Stage and Commit the project locally

  1. Open up Sourcetree.
  2. We first want to turn the project into a Git repo.  To do this, select from the top menu, the File menu, then select the item Clone/New.
  3. Press the Create button (with a Plus (+) sign icon on it).
  4. Uncheck “Create Repository on Account” since we are going to use a “local” remote.
  5. Either use the Browse button or just type, to set the repo path to D:\Documents\Repos\MyProject (or whatever it is for your situation).
  6. Click the blue Create button.
  7. You get a popup asking if you want to create the Git repo in a directory that already exists.  Yes, do this.  It will not overwrite your information (unless you have a directory or file called “.git” in the directory already).
  8. The “Working Copy” of your repo will appear.  If it doesn’t, select Working Copy from the left sidebar menu.
  9. Now, click the Stage All button, somewhere near the middle of the window, at the top-right of the Ustaged Files panel.  (You will only be able to do this if there are files in your project.   If not, you can add a test file just to try out these steps.)  The file(s) will move to the upper Staged Files panel.
  10. Type in some commit message in the commit box at the bottom (such as, “Initial Commit”).  Then press the Commit button at the bottom-left of the window.
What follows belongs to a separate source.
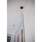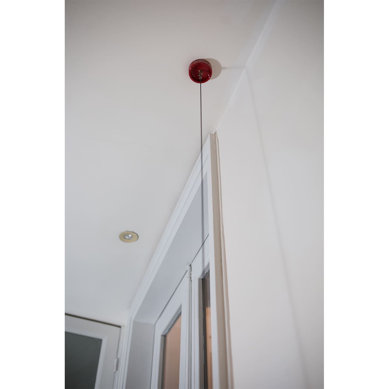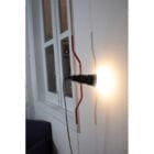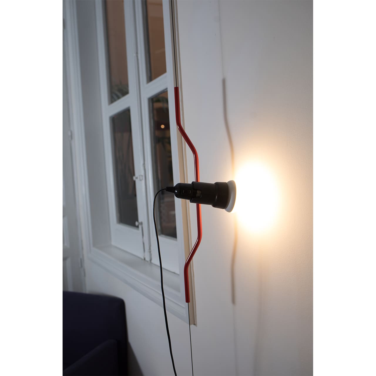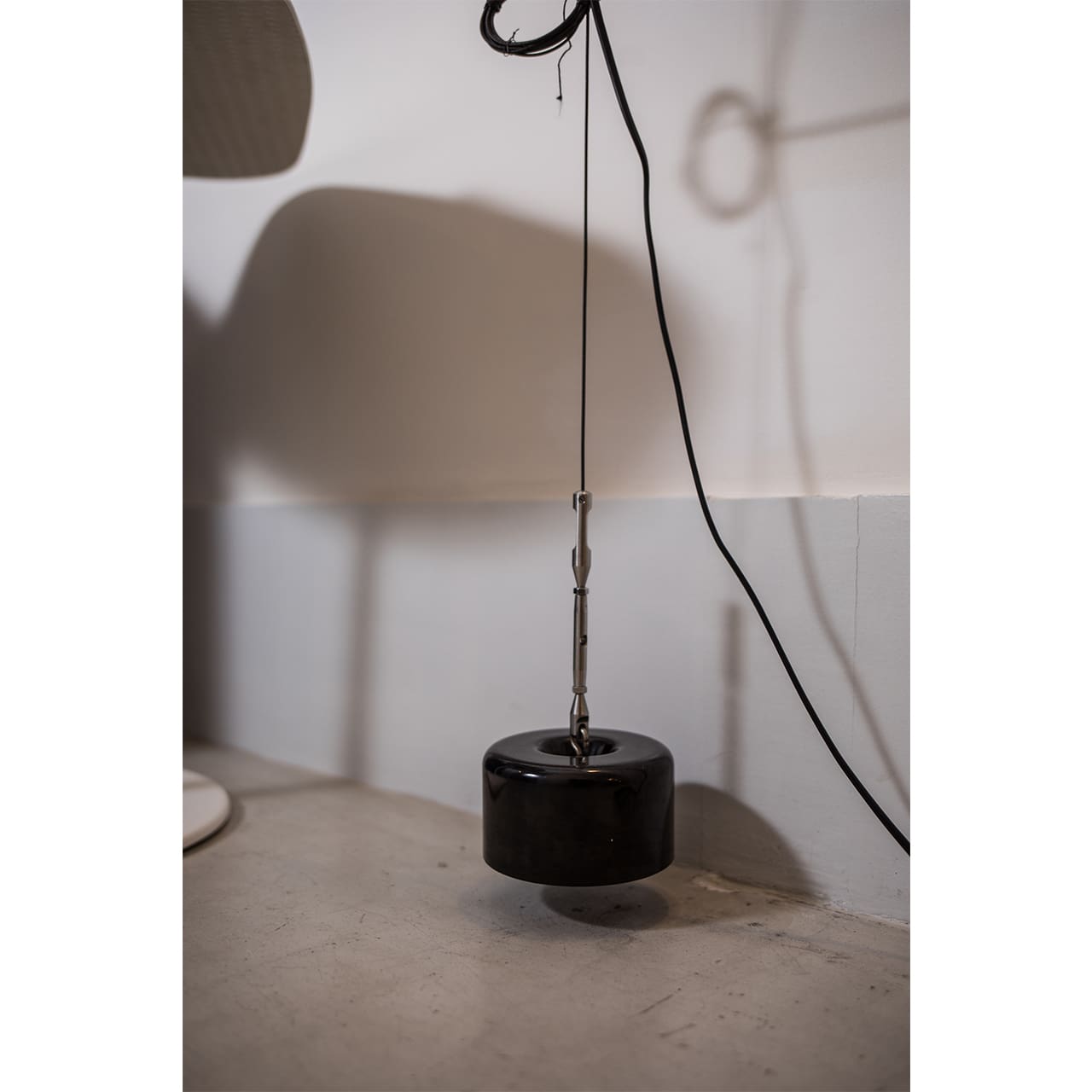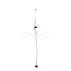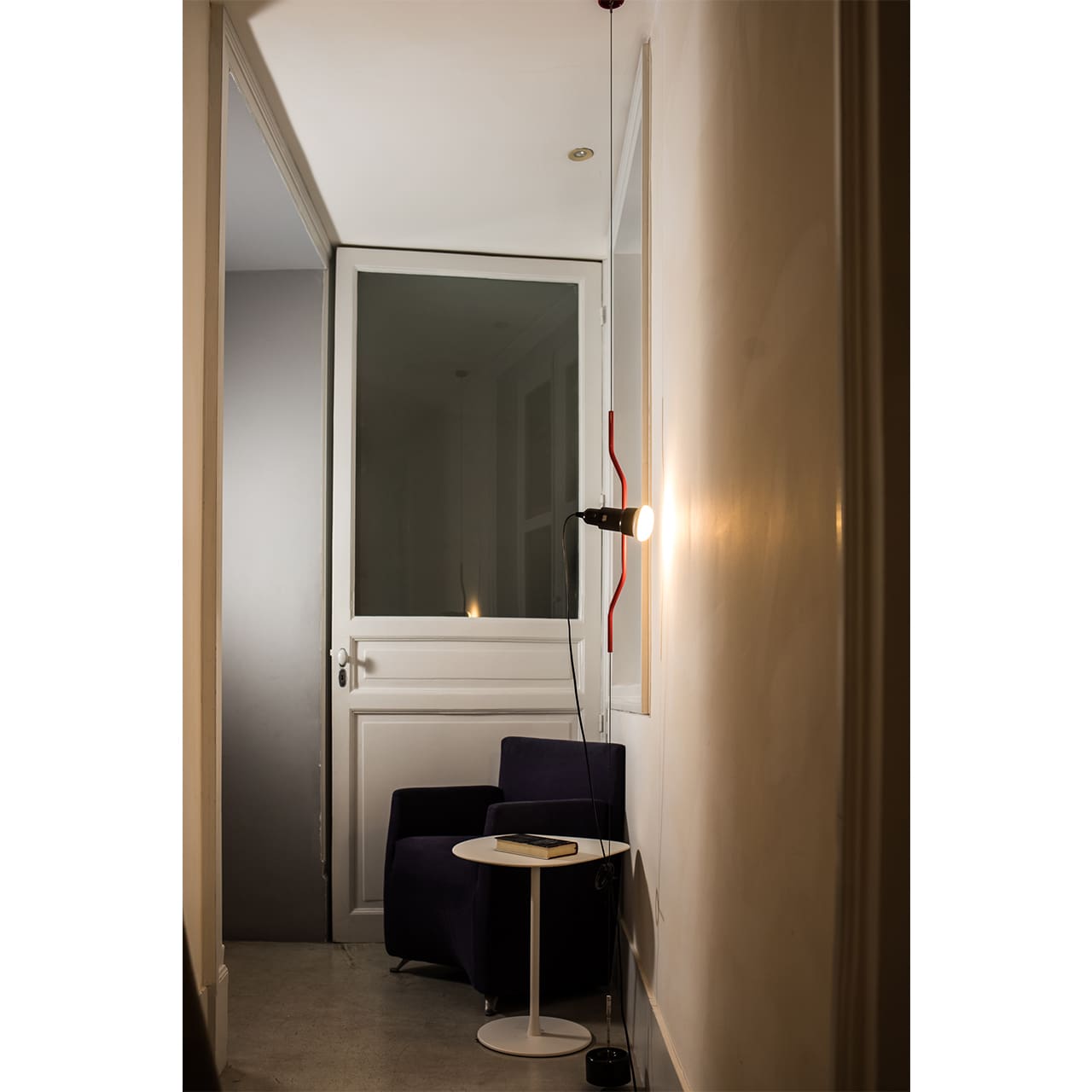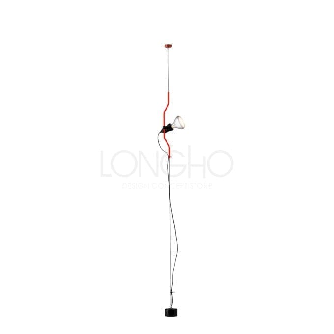 Flos – Lampada a sospensione Parentesi rossa; Lampada a luce diretta. Il movimento verticale del corpo illuminante è ottenuto mediante lo scorrimento di un tubolare di acciaio sagomato, verniciato a liquido o nichelato, su un cavetto di acciaio teso tra il plafone e pavimento (lunghezza utile mm 4000). Testa dell’apparecchio in elastomero stampato ad iniezione di colore nero all’interno della quale è alloggiato l’interruttore dell’apparecchio. Cavo elettrico lunghezza utile, dal portalampada, mm 4000.

Your project has now been committed, but only locally, that is within the newly-created .git directory in your project directory.
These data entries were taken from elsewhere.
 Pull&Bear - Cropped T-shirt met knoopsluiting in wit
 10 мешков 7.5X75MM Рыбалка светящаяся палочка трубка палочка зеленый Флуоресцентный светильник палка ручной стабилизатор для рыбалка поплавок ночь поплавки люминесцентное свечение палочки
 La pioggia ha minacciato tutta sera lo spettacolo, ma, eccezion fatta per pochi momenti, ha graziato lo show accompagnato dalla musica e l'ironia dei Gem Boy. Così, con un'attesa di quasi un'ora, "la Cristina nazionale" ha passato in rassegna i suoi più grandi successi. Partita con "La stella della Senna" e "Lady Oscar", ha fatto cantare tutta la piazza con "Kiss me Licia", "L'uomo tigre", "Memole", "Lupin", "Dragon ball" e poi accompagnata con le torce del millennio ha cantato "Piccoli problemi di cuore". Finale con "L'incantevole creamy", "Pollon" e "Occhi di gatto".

Create the Remote on your Disk Drive

Now, we get to the real point of this post: creating the remote repository on your disk drive.  My setup is that the external networked hard drive is the Z drive, and I want to put the remote in a file called Z:\Repos\MyProject.  As before, change this according to your actual situation.

  1. While still in Sourcetree with the Working Copy of MyProject still showing, click the Terminal button near the top-right of the window.
  2. In the Git Bash terminal window that appears (which should automatically have a working directory of /d/Documents/Repos/MyProject, or whatever your project working directory is), type the following to create the new repo (changing path and project name to what you need it to be):git init --bare /z/repos/MyProject

    Note, git bash uses /z/ instead of Z:\ for the root of the Z drive, and the directory slashes go forward instead of backward.  This can be fast or slow depending on how fast your drive is.  If all goes well, you will see a response like “Initialized empty Git repository in Z:/repos/MyProject/”.
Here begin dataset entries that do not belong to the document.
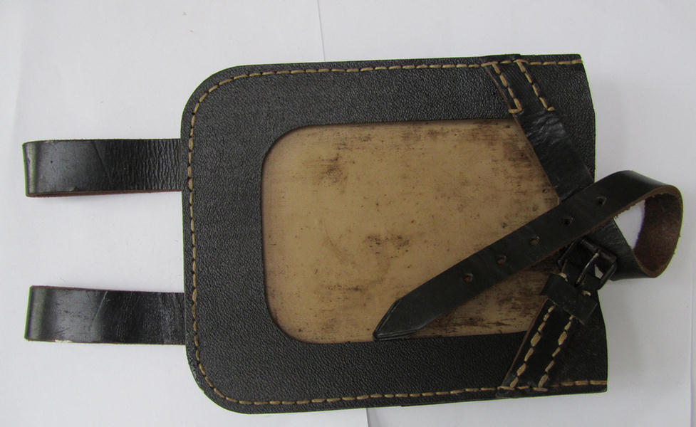This is a scarce, mid-/ie. late-war period, semi-leather (ie. so-called: 'Presstoff'-based) carrying-case, as intended to carry a German WWII shovel or 'Spaten', in truly very nice, only minimal used condition. The piece is in trully excellent condition and is executed in a (more often seen) conbination of genuine leather (lashes) and 'Ersatz'-material (aka: 'Presstoff'). The piece is fully souple and functional and shows no damage whatsoever but misses a date or stamp (which is not uncommon and more often seen): it just needs an - easy to find - 'Spaten' to complete. These are hard to encounter and even more so in this very nice (almost mint!) condition!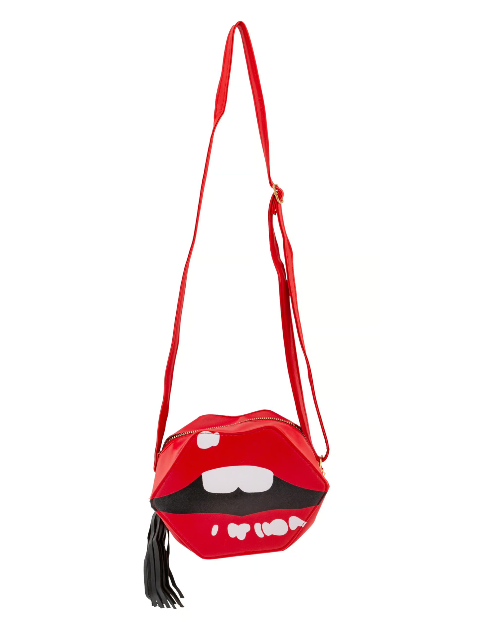 Ein echter Hingucker und ein schickes Accessoire für peppige und poppige Karnevals, Fasching- und Mottoparty Outfits oder auch für den Alltag ist unsere Tasche Mund mit Zähnen. Die rot-weiße Tasche, im Design eines leicht geöffneten Mundes mit den beiden blitzenden Zähnen und der großen, schwarzen Quaste sieht nicht nur super aus, sondern ist auch noch mit einem längenverstellbaren Schultergurt und einem praktischen Reißverschluss versehen. Ein tolles Accessoire, das zum Hinschauen verleitet!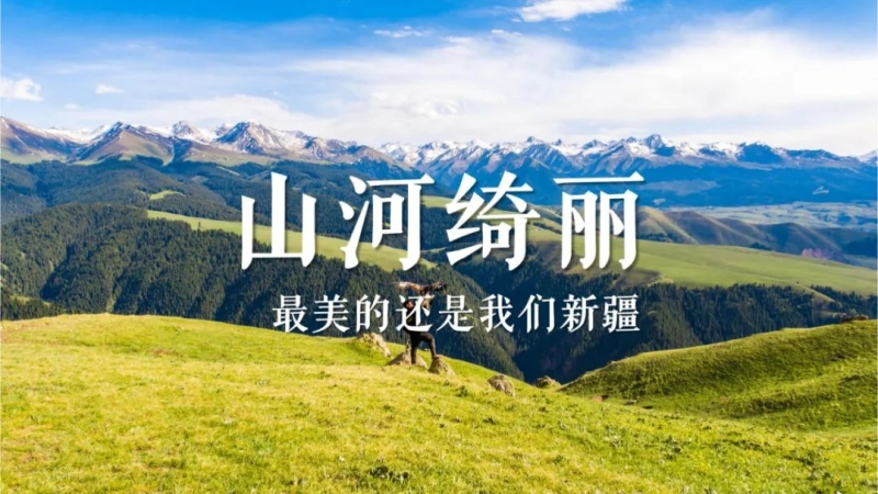 欢迎大家来到山河绮丽的新疆,在“最美的还是我们新疆”的欢快旋律中,感受新疆之“美”。大美新疆,是人们心中向往的“诗和远方”,一辈子一定要来一次,来一次就会记一辈子。春天的新疆是一支舞,娇艳多姿。那拉提空中草原泛出新绿、生机盎然,果子沟粉嫩的杏花漫山遍野、如梦如幻,巴音布鲁克大草原云海缥缈、群鸟飞翔,尽是“天山积雪初冻融”的温馨浪漫。夏天的新疆是一首歌,恢弘壮美。霍城薰衣草铺陈出紫色的海洋,昭苏油菜花翻滚着金色的波浪,泛舟天山天池,漫步赛里木湖,亲近喀纳斯湖,满目梦幻之蓝,沉醉人间仙境,尽是“山披彩裙地着纱”的五彩斑斓。秋天的新疆是一幅画,浓墨重彩。戈壁上、沙漠中、河流边,千年胡杨如诗如画;石榴树上、葡萄架下、苹果园里,各类瓜果芳香四溢;草场上、山谷间、村落旁,成群牛羊悠闲迈步,尽是“牧歌声声入云霞”的惬意悠然。冬天的新疆是一首诗,分外妖娆。在阿勒泰皑皑白雪中,滑雪者飞跃翻腾,在禾木古村落的篝火旁,游客们载歌载舞,尽是“莫言塞外风雪稠,自有美景比杭州”的静谧绝美。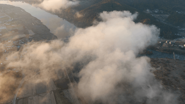 넓게 펼쳐진 농촌 농지와 마을의 항공 뷰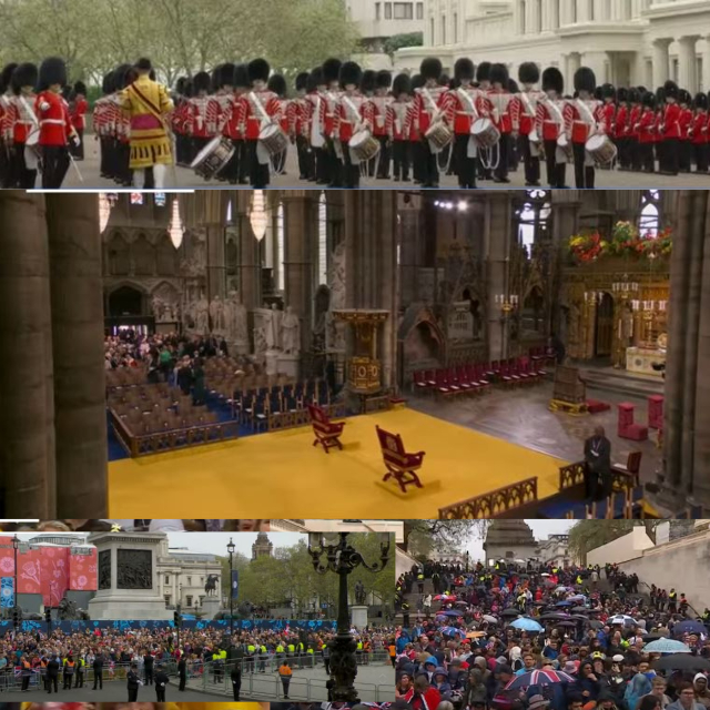 - 거리 행진 : BST10:20(KST 저녁 6:20) : 국왕과 왕비는 버킹엄 궁전을 출발하여 몰과 화이트홀을 지나 의회거리를 따라 의회 광장의 동쪽과 남쪽을 돌아 웨스트 민스터 사원의 그레이트 웨스트 도어에 도착합니다. 약 2.29km의 거리를 행진합니다.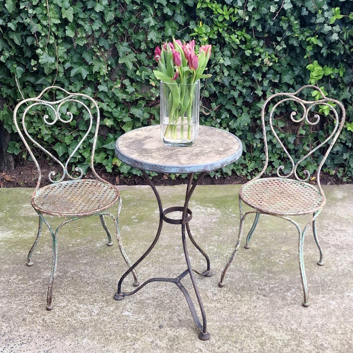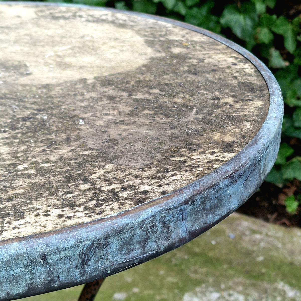 A classy small garden table made of a cast iron base and thick round copper-rimmed marble top, watch the special pastille table feet, lovely weathered top and base, very good and stable condition, France 1880
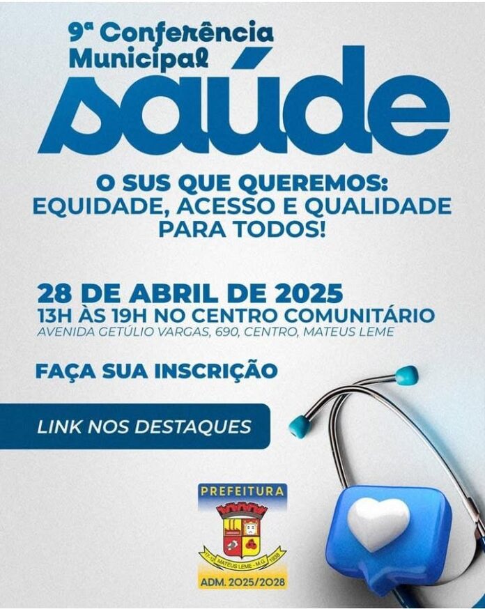 A Prefeitura de Mateus Leme, por meio da Secretaria Municipal de Saúde, realiza no próximo dia 28, a 9ª Conferência Municipal de Saúde, com o tema “O SUS que Queremos: Equidade, Acesso e Qualidade para Todos!”.

  3. While still in the Git Bash terminal window, type the following to clone your project to that new repo you created (while you are still in the same working directory):git clone --bare /z/repos/MyProject

    If all goes well, you will see a message like “Cloning into bare repository ‘MyProject.git’…”.  It is ok if you get a message like “warning: You appear to have cloned an empty repository.”, because we still need to “push” the last commit to this remote repo.

Connect and Push the Local to the Remote

  1. In Sourcetree, select the Repository menu from the top menu and select the “Add Remote…” item.
  2. In the popup, with the Remotes tab active, click the Add button
  3. For Remote name: check the Default Remote.
  4. For Url/Path, type/z/repos/MyProject

    (or the one that you used above)

  5. Ignore the Optional Extended Integration section
  6. Click OK, then click OK again.
  7. As a test, click Push to push your last commit (make a new commit first if you need to). Check the “Push?” checkbox, and leave local and remote branches as Master, and leave “Track?” checked.
  8. Click the Push button at the bottom.
  9. Depending on amount to push and speed of the disk drive you push to, it might take a while. (My Z drive is slow, being an external networked drive)
  10. It should finish with no errors: no news is good news!

Conclusion

You now know how to keep a git repo local.  I considered showing how to set up a Gitlab instance in a virtual machine, but that was quite involved, and there are some difficult issues with using networked drives and Gitlab.